PROBLEM TO WORK ON: Find the line with "SK 미래관은 고대 정문에서" in the records below, then please transcribe it and every later line exactly, omitting the pictures and adding nothing.

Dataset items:
* * *
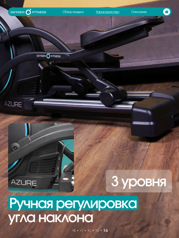 OXYGEN FITNESS AZURE — высокотехнологичный эллиптический тренажёр для домашних тренировок продвинутого уровня. Модель ориентирована на пользователей, которым важна длина шага, точная настройка нагрузки, работа по пульсу и расширенная аналитика тренировки. AZURE сочетает в себе эргономику клубного оборудования и функциональность, адаптированную для комфортного использования дома. Тренажёр построен на высокопрочной раме с антикоррозийной обработкой и двухслойной покраской, что обеспечивает устойчивость и долговечность конструкции. Корпус выполнен из ударопрочного полистирола HIPS, рассчитанного на длительную эксплуатацию. Ключевые особенности движения: • Инерционный вес маховика 30 кг (BioFusion™) при реальном весе 10 кг — ровный, стабильный и тихий ход. • Длина шага 540 мм — максимально естественная траектория, близкая к беговой, подходит пользователям разного роста. • Минимальное расстояние между педалями — 70 мм, что снижает нагрузку на колени и тазобедренные суставы. • Дисковый шатун — повышенная надёжность и точность передачи усилия. • Ручная регулировка угла наклона (3 уровня) позволяет смещать акцент нагрузки и разнообразить тренировочный процесс. Антискользящие педали увеличенного размера обеспечивают уверенную фиксацию стопы даже при интенсивной работе. AZURE использует электромагнитную систему нагружения с 16 уровнями сопротивления, регулируемыми электронно. Это обеспечивает точную и плавную настройку нагрузки под любые цели — от восстановительных тренировок до интенсивной кардиоработы. Тренажёр оснащён современной TFT-консолью с расширенным набором показателей: • время, скорость, дистанция, • калории, пульс, уровень нагрузки, • программа, Ватты, количество шагов, • общая дистанция. Программный пакет включает 21 режим тренировки: • быстрый старт и ручной режим, • 12 предустановленных программ, • 4 пульсозависимые программы, • 1 программа целевого пульса, • режим работы по Ваттам. Для контроля пульса предусмотрены сенсорные датчики на поручнях. Рукоятки двухпозиционные, с нескользящим покрытием. Дополнительные возможности: • Bluetooth-колонка для воспроизведения аудио, • подключение к интернету, • функция проекции экрана, • подставка под планшет или смартфон, • интерфейс на английском языке. OXYGEN FITNESS AZURE — эллиптический тренажёр для тех, кто хочет получить максимум от домашних кардиотренировок: продвинутую биомеханику, интеллектуальные программы и уровень комфорта, сравнимый с профессиональным фитнес-клубом.
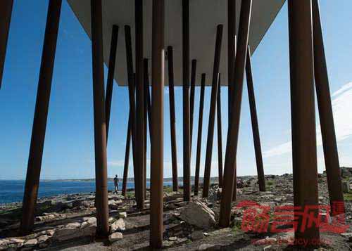 挪威Saunders建筑事务所在风景如画的加拿大福戈岛建造了一栋底层架空的旅馆。项目被命名为“福戈岛客栈”,是这座新近发现岛屿上的艺术住宅项目的最新作品。截至目前,Saunders建筑事务所已经完成了六座艺术家住所工作室项目,其最新作品即是这个容纳29个客房的旅馆。建筑具有X型布局,包含一栋2层结构以及相交的四层建筑。项目设置了若干细木桩支撑建筑,使其对于岩石产生较小的影响,保留优美的海岛风光的完整性。
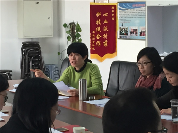 新的学期,新的开始,经管学院老师又有了新的挑战,如何提高学生们的四级成绩,是每年教学和学生工作的难点。为此,经管学院副院长赵金芳组织全体2014级英语任课教师、各辅导员老师、班主任老师,从提高学生早读出勤率、维持良好课堂纪律等方面,对如何能够有效地提升2014级学生的英语学习成绩进行了全面讨论。
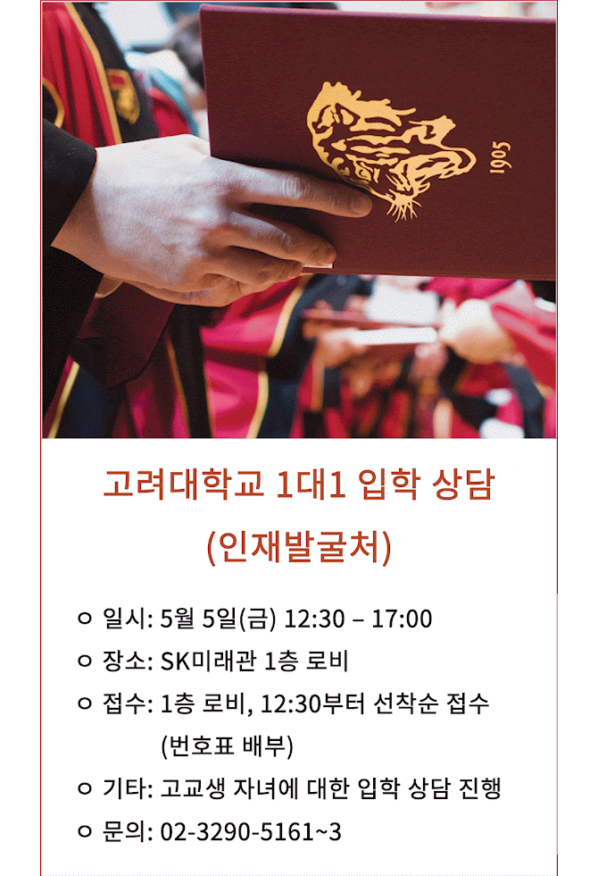 SK 미래관은 고대 정문에서 왼쪽에 있는 건물입니다. 12:30부터 선착순 접수하고 정해진 시간에 오면 상담을 할 수 있습니다.
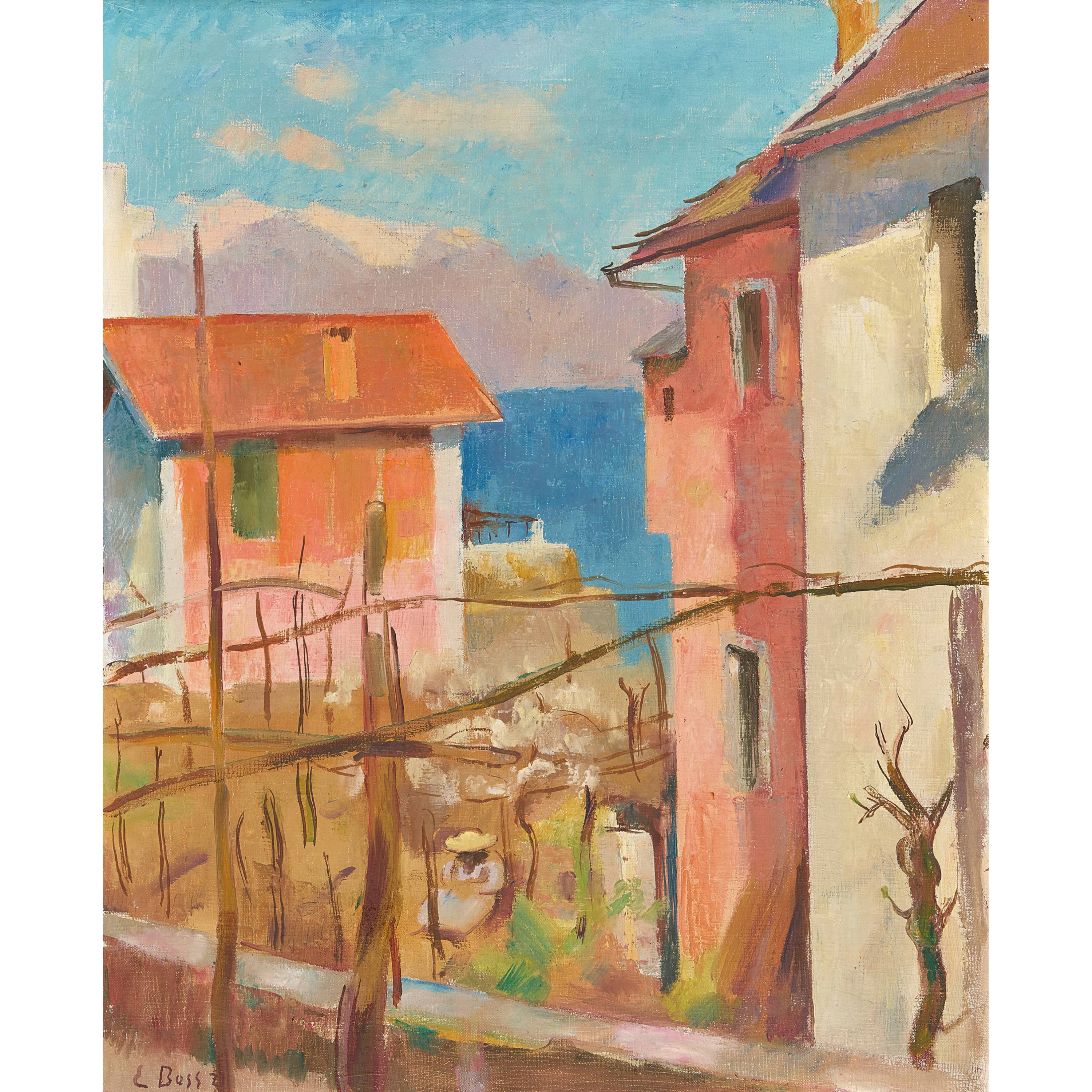 Südliche Häuser oberhalb eines Sees.
* * *
COMPLETED TASK:
 SK 미래관은 고대 정문에서 왼쪽에 있는 건물입니다. 12:30부터 선착순 접수하고 정해진 시간에 오면 상담을 할 수 있습니다.
 Südliche Häuser oberhalb eines Sees.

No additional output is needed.